Two studies reported changes in AST after treatment[14,17]. There was a decrease in AST level at 3 mo after cell transplantation (MD: -16.30 U/L; 95%CI: -22.52-(-10.08); P < 0.00001; Figure 4A) and after 6 mo (MD: -13.80 U/L; 95%CI: -17.98-(-9.61); P < 0.00001; Figure 4B). No heterogeneity was detected (P > 0.10, with I2 = 0). Three studies reported changes in ALT after cell transplantation[14,17,19]. Similarly, cell transplantation showed a lower ALT level at 3 mo (MD: -9.11 U/L; 95%CI: -16.35-(-1.88); P = 0.01; Figure 5A), but failed to show a consistent effect at 6 mo (MD: -9.60 U/L; 95%CI: -21.82-2.62; P = 0.12; Figure 5B). No heterogeneity was detected regarding ALT level at 3 mo (P = 0.22), but heterogeneity should be taken into consideration regarding ALT level at 6 mo (P = 0.06, with I2 =72%).

Figure 4.

Figure 4

Changes in aspartate transaminase level at 3 mo (A) and 6 mo (B) after autologous bone marrow transplantation.

Figure 5.

Figure 5

Changes in alanine transaminase level at 3 mo (A) and 6 mo (B) after autologous bone marrow transplantation.

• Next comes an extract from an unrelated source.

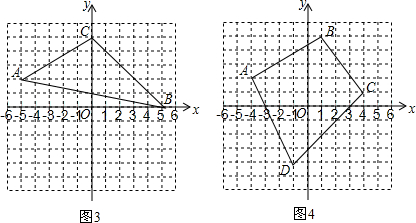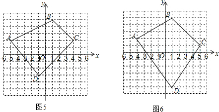 (1)他首先在图4所示的平面直角坐标系中,取了A(-4,2)、B(1,5)、C(4,1)、D(-1,-4)四个点,得到了四边形ABCD.
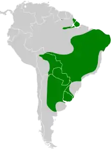The narrow-billed woodcreeper (Lepidocolaptes angustirostris) is a species of bird in the Dendrocolaptinae subfamily. It is found in Argentina, Bolivia, Brazil, Paraguay, Suriname, and Uruguay. Its natural habitats are subtropical or tropical dry forests and dry savanna. As all members of its subfamily, it is a creeping bird which lives on small arthropods and vertebrates it catches under the bark of trees. The woodcreeper nests in cavities, both natural and bird-(e.g. woodpecker)made. It lays two to three white eggs, brooded jointly by the pair.[2]

MELD score was reported by two to four studies, depending on the time point assessed[2,15,19,20]. Meta-analysis did not show any difference within 12 mo of treatment (Figure 6A-D). Two studies reported that Child-Pugh score could be incorporated into the meta-analysis[2,19]. No significant difference was detected at up to 1 year after treatment (Figure 7A-C).

Figure 6.

Figure 6

Changes in model for end-stage liver disease score at 1 mo (A), 3 mo (B), 6 mo (C), and 12 mo (D) after autologous bone marrow transplantation.

Figure 7.

Figure 7

Changes in Child-Pugh score at 3 mo (A), 6 mo (B), and 12 mo (C) after autologous bone marrow transplantation.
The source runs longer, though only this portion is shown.